__Directions for this task__: All of the data below should be printed again exactly, pictures excluded.

__Given information__:
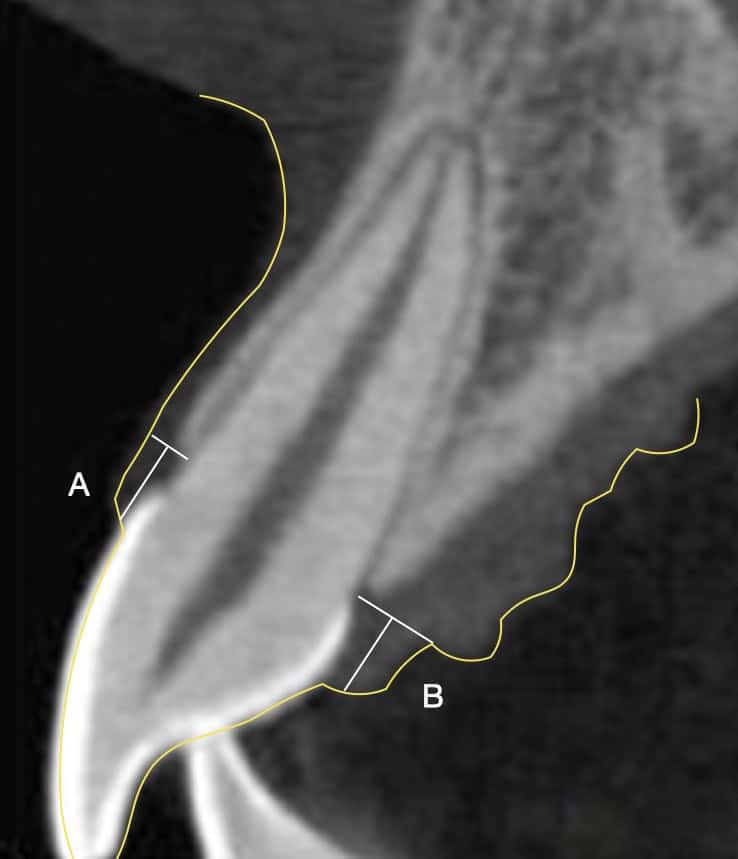 Note the natural architecture of the periodontium, with a narrow base of the soft tissue at the margin of the bone and a longer dimension in height! This is especially pronounced at the buccal sites (A), but the base widens palatal (B) where the angle of the palatal alveolar ridge widens. Looks great, but don't try this with implants!
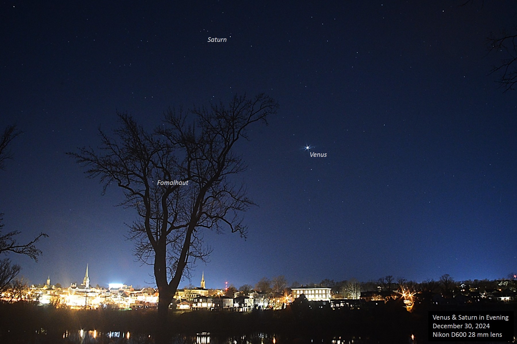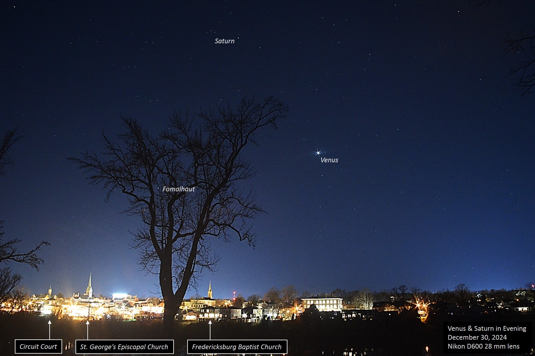 | I wanted to get some pictures of various sky scenes from the middle of the city, with for example one of the church spires in the foreground with Venus or Jupiter amongst their respective host constellations, but this proved impossible owing to the brightness of the lights all over downtown. Therefore, I retreated to a spot I've used before, which is somewhat up the hill leading toward Chatham Manor; it's dark there and affords a nice view across the river to the Fredericksburg skyline. The lens I used for this picture is an old Vivitar 28-200 mm lens set at 28 mm. Back in the 1980's and 1990's this lens was my favorite, only because of its huge range. It doesn't do anything particular well but if you can only take one lens with you for a wide range of focal lengths, it's hard to beat. Zooming in to use the lens at a more moderate focal length, for example 50 mm, allows us a view of the skyline with less distortion. | ||||
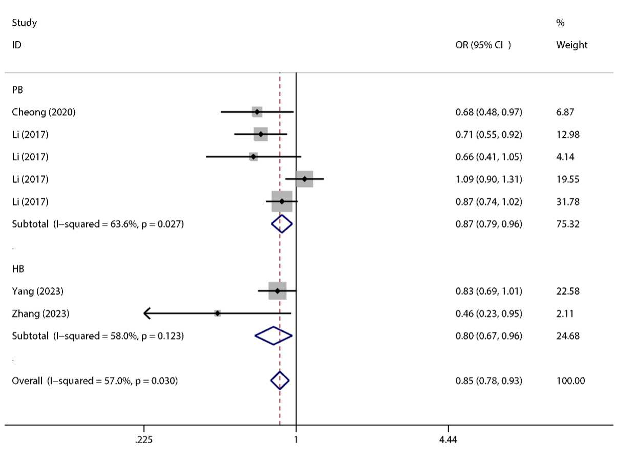 Forest plots corresponding to high myopia risk between the
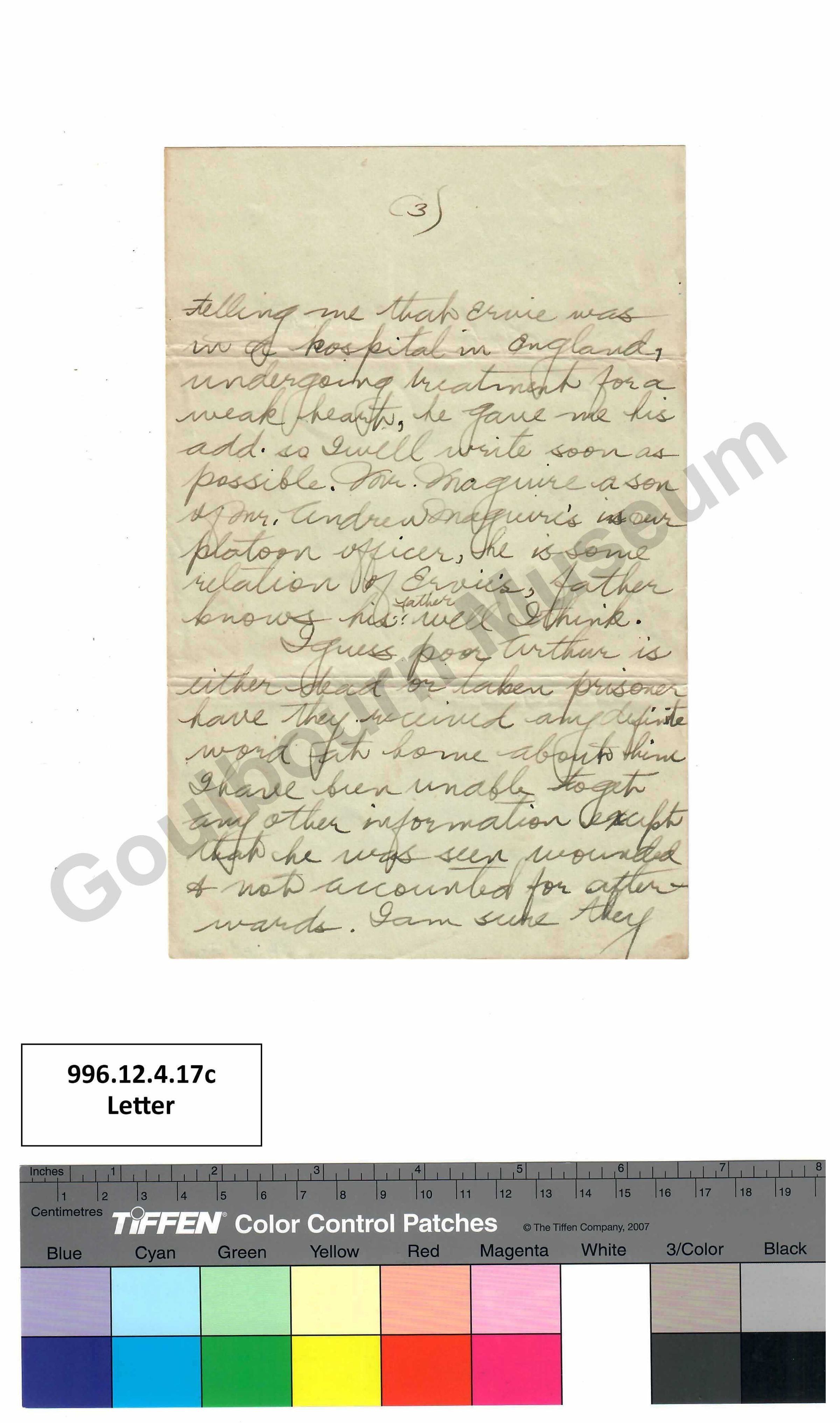 telling me that Ervie was in a hospital in England, undergoing treatment for a weak heart, he gave me his add. [abbreviated: address] so I will write soon as possible. Mr. Maguire a son of Mr. Andrew Maguire’s is our platoon officer, he is some relation of Ervie’s, father knows his father well I think.

__Answer box__:
 Note the natural architecture of the periodontium, with a narrow base of the soft tissue at the margin of the bone and a longer dimension in height! This is especially pronounced at the buccal sites (A), but the base widens palatal (B) where the angle of the palatal alveolar ridge widens. Looks great, but don't try this with implants!
 | I wanted to get some pictures of various sky scenes from the middle of the city, with for example one of the church spires in the foreground with Venus or Jupiter amongst their respective host constellations, but this proved impossible owing to the brightness of the lights all over downtown. Therefore, I retreated to a spot I've used before, which is somewhat up the hill leading toward Chatham Manor; it's dark there and affords a nice view across the river to the Fredericksburg skyline. The lens I used for this picture is an old Vivitar 28-200 mm lens set at 28 mm. Back in the 1980's and 1990's this lens was my favorite, only because of its huge range. It doesn't do anything particular well but if you can only take one lens with you for a wide range of focal lengths, it's hard to beat. Zooming in to use the lens at a more moderate focal length, for example 50 mm, allows us a view of the skyline with less distortion. | ||||
 Forest plots corresponding to high myopia risk between the
 telling me that Ervie was in a hospital in England, undergoing treatment for a weak heart, he gave me his add. [abbreviated: address] so I will write soon as possible. Mr. Maguire a son of Mr. Andrew Maguire’s is our platoon officer, he is some relation of Ervie’s, father knows his father well I think.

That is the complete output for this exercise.